Exercise brief
Among the records below, find the line with "搭配白鐵管與紅金配色的輪框,機械面的設計也頗為講究" and the line with "Die Verbindung an". Set down both and every line between, exactly and with no pictures, but nothing else.

Information
────────

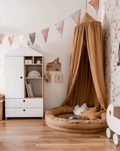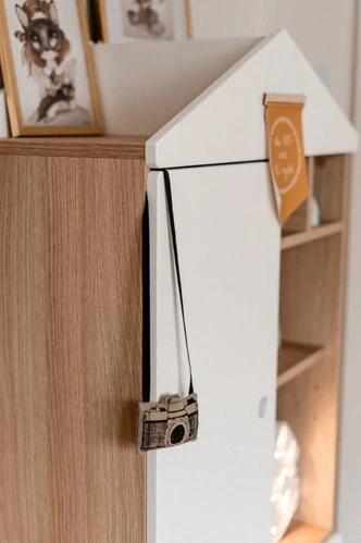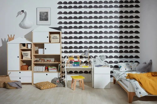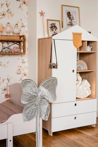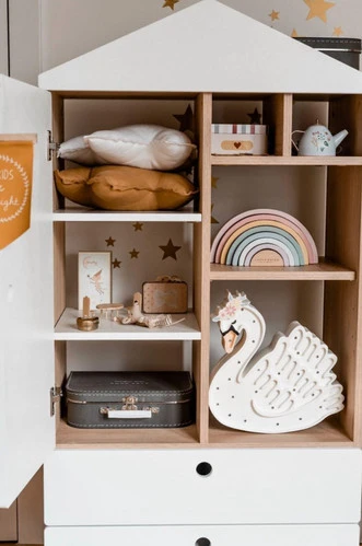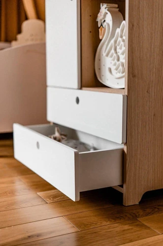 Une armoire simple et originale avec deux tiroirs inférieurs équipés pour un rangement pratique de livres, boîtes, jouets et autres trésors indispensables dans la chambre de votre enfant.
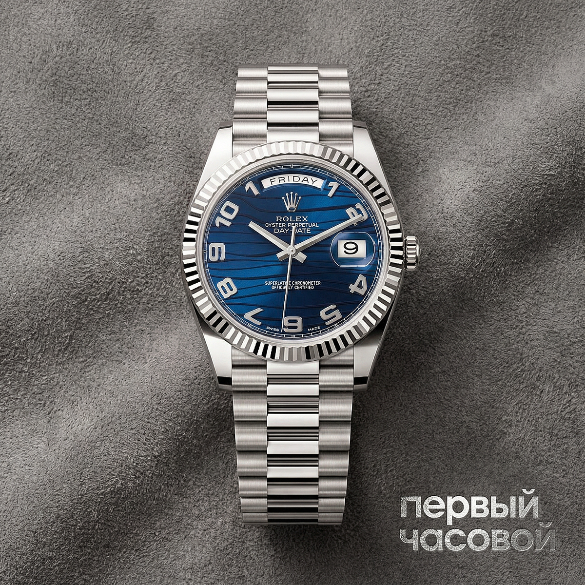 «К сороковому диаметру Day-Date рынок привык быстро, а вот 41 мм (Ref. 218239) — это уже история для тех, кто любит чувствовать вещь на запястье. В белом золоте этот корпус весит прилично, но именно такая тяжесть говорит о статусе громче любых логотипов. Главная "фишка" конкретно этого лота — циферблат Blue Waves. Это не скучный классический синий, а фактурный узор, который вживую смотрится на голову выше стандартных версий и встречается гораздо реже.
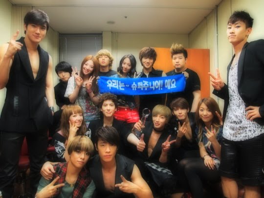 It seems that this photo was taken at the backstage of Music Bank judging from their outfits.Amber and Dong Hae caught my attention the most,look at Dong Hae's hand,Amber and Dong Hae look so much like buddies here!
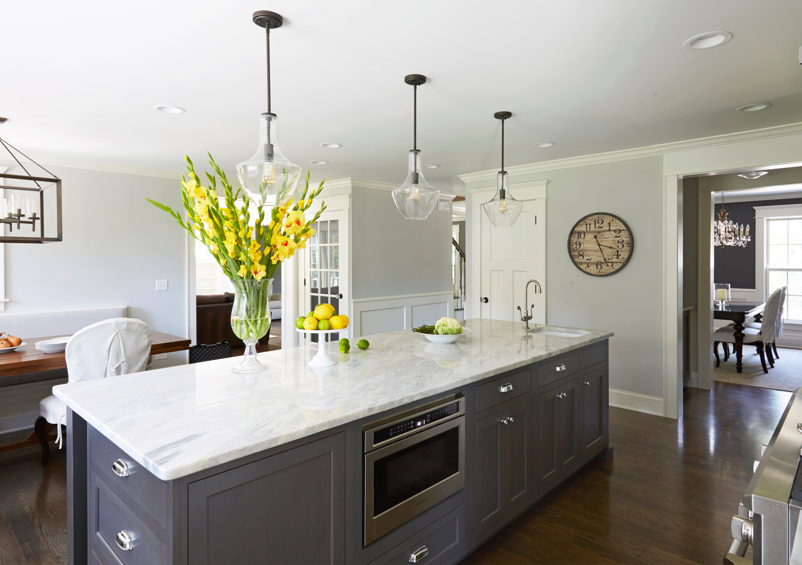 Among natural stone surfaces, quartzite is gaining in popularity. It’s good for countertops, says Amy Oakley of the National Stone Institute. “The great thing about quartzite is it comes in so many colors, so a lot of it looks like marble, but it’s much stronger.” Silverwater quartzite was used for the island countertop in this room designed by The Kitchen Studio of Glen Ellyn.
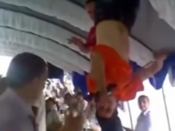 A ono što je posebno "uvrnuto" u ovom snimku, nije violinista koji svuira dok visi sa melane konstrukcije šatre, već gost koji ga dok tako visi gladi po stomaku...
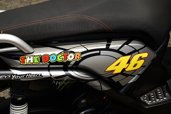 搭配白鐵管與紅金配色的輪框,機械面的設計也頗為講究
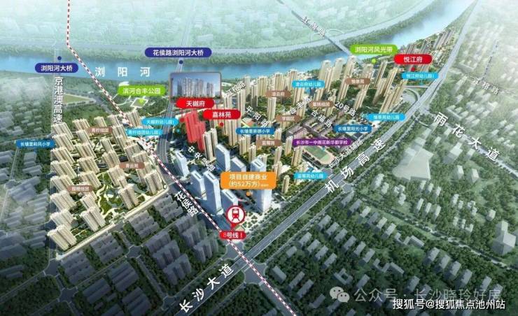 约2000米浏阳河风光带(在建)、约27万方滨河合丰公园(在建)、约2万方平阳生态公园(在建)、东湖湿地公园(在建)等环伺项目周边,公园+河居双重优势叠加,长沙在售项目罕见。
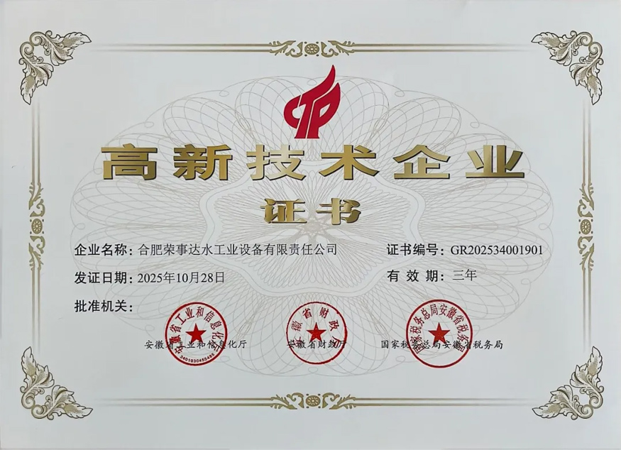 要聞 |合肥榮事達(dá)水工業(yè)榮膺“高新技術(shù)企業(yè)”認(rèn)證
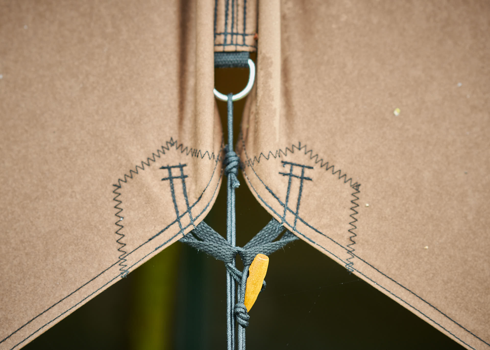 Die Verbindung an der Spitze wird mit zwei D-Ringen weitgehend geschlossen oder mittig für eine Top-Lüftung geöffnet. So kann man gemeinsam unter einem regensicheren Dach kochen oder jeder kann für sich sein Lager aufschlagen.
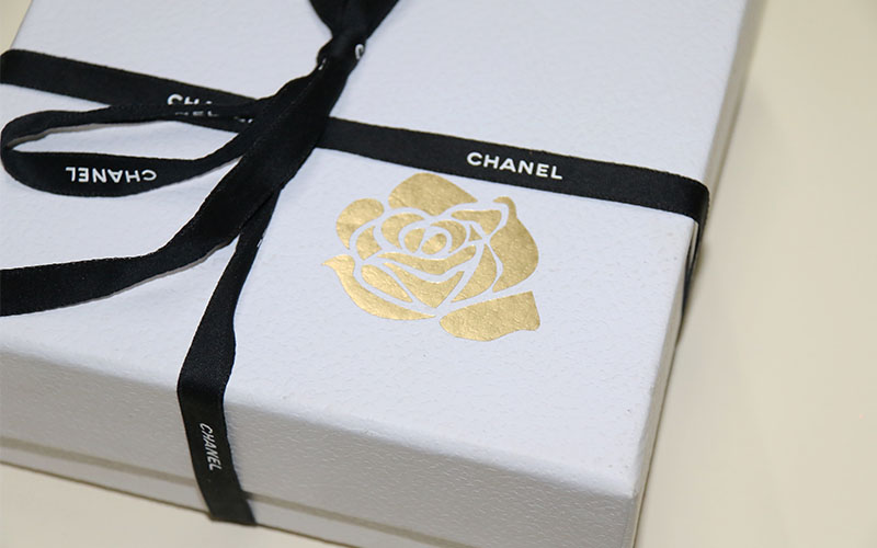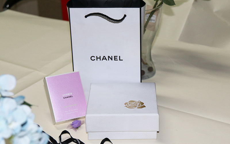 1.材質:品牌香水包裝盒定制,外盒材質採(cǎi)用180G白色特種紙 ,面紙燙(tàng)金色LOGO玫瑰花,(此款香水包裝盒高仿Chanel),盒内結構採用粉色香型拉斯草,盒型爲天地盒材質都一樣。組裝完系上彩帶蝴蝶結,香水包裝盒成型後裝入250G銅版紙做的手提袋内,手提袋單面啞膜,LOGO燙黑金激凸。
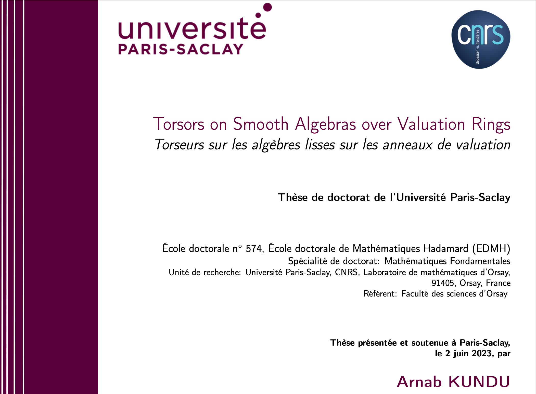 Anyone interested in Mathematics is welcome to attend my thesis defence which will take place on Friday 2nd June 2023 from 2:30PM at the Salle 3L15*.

────────

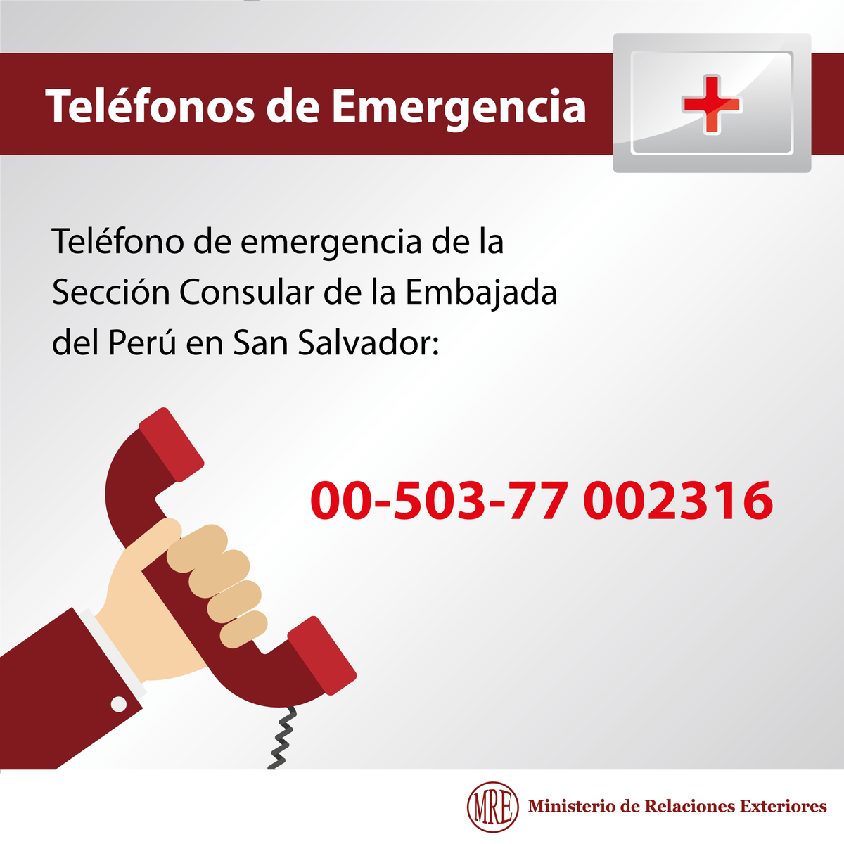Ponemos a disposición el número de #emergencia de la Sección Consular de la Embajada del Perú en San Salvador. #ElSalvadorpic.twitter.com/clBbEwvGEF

────────

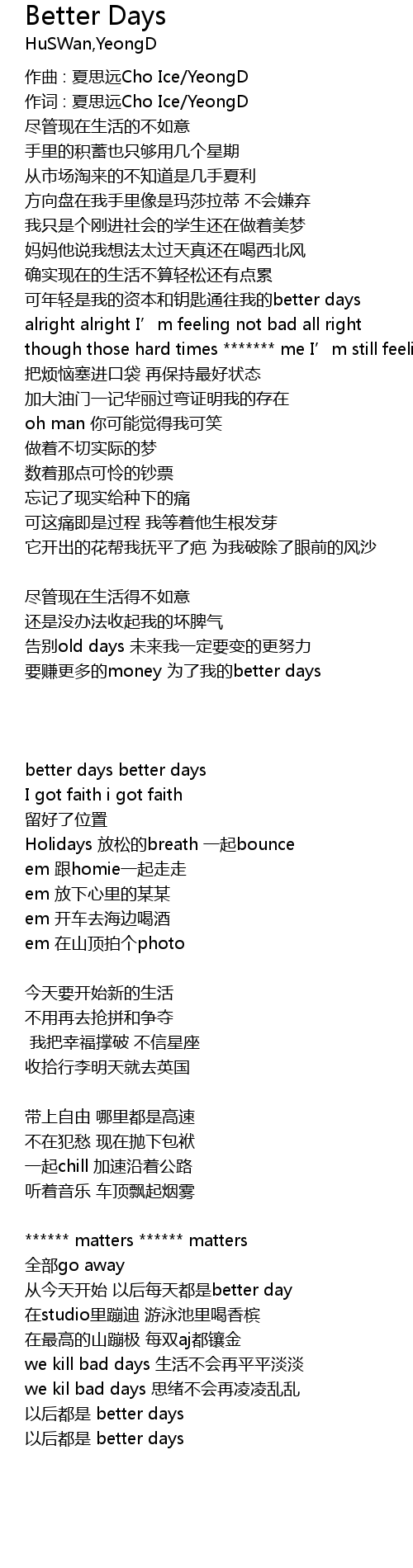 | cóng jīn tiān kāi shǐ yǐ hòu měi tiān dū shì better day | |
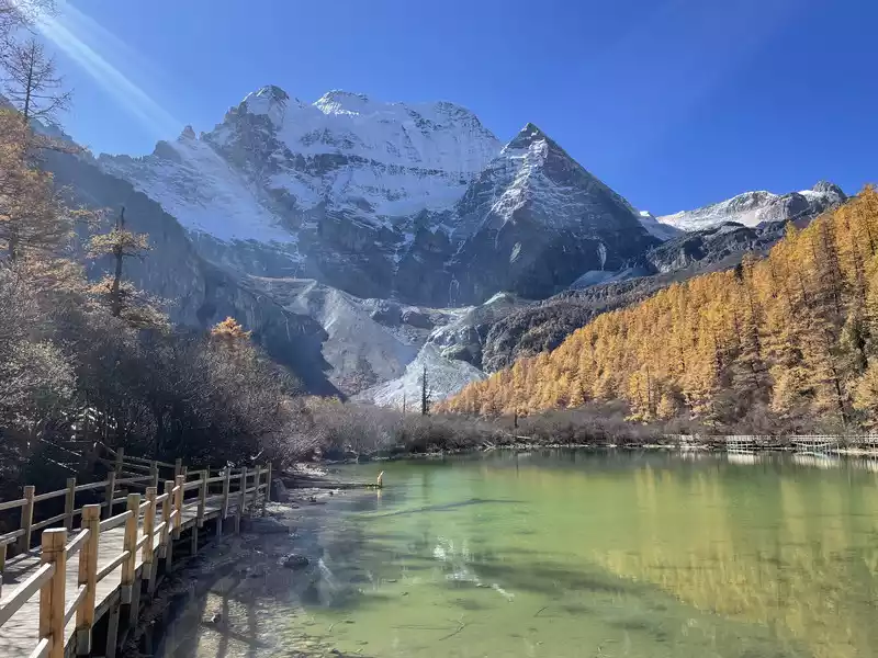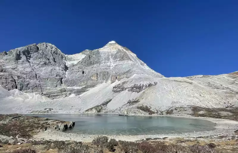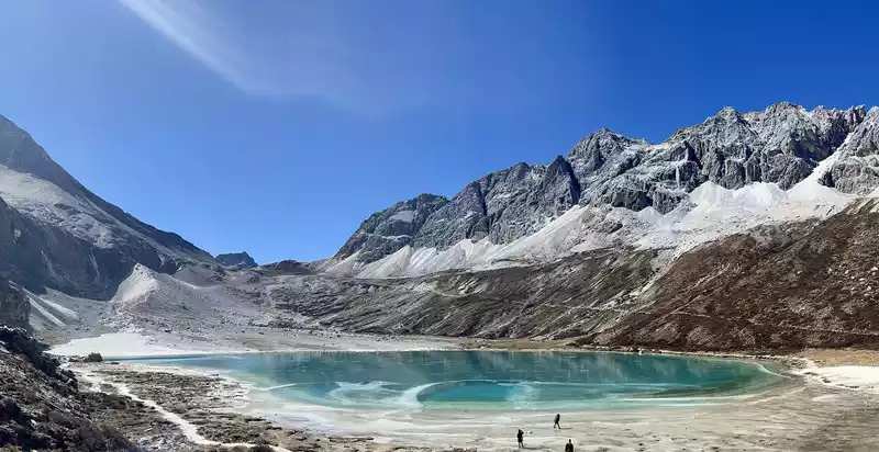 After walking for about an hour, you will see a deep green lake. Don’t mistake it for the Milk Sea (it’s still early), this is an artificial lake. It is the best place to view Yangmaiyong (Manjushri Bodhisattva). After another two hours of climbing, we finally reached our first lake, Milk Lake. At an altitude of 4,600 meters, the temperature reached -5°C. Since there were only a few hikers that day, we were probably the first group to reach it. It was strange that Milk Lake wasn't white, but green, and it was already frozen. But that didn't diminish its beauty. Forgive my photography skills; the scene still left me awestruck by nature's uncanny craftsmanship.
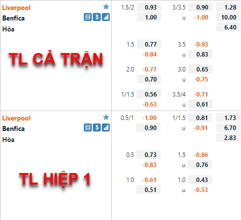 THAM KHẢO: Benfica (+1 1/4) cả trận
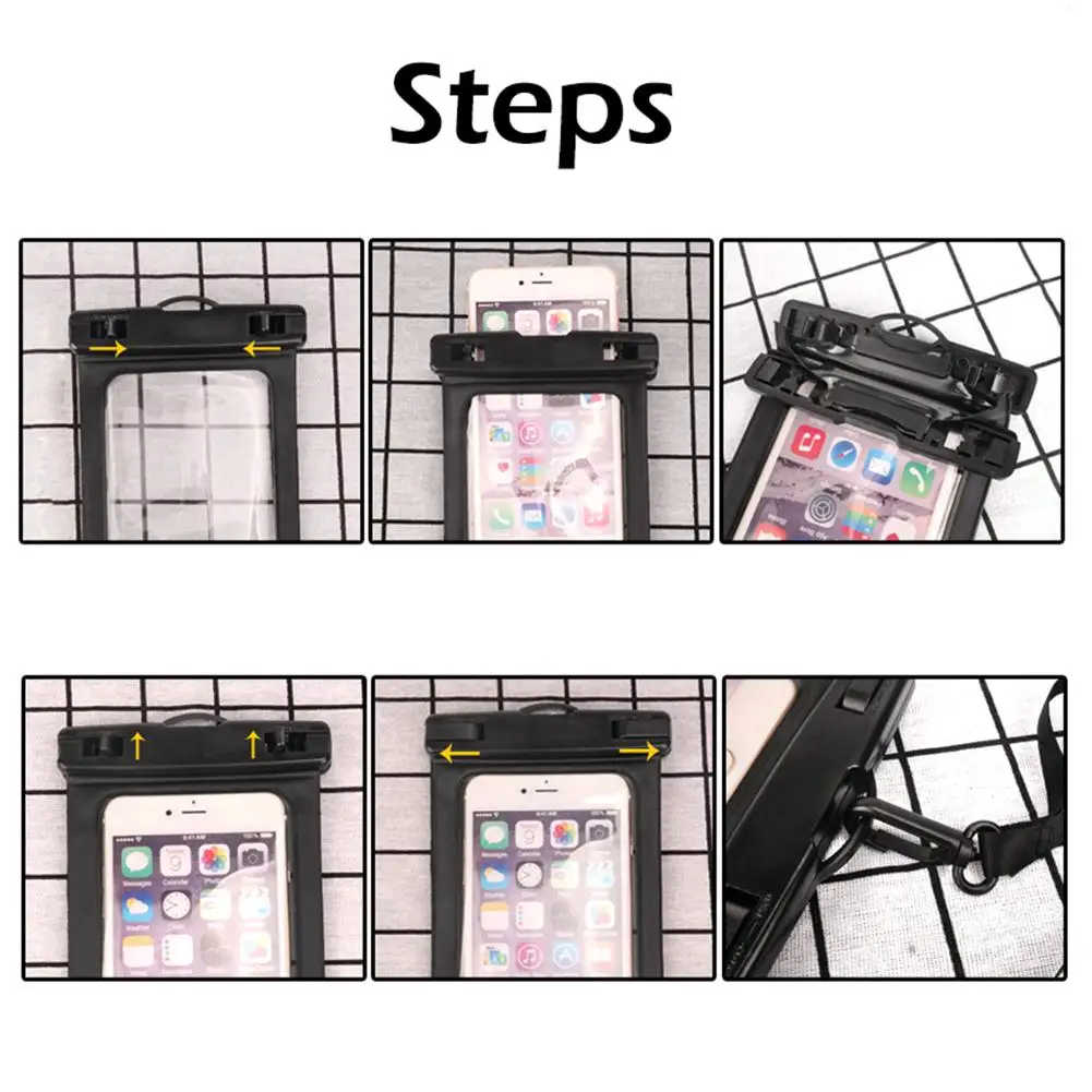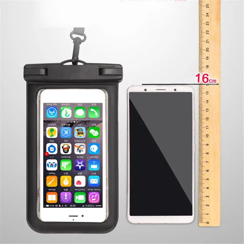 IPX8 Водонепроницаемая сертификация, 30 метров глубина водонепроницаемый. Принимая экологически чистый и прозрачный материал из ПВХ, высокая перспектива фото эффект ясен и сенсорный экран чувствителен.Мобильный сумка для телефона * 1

────────

Exercise result
 搭配白鐵管與紅金配色的輪框,機械面的設計也頗為講究
 约2000米浏阳河风光带(在建)、约27万方滨河合丰公园(在建)、约2万方平阳生态公园(在建)、东湖湿地公园(在建)等环伺项目周边,公园+河居双重优势叠加,长沙在售项目罕见。
 要聞 |合肥榮事達(dá)水工業(yè)榮膺“高新技術(shù)企業(yè)”認(rèn)證
 Die Verbindung an der Spitze wird mit zwei D-Ringen weitgehend geschlossen oder mittig für eine Top-Lüftung geöffnet. So kann man gemeinsam unter einem regensicheren Dach kochen oder jeder kann für sich sein Lager aufschlagen.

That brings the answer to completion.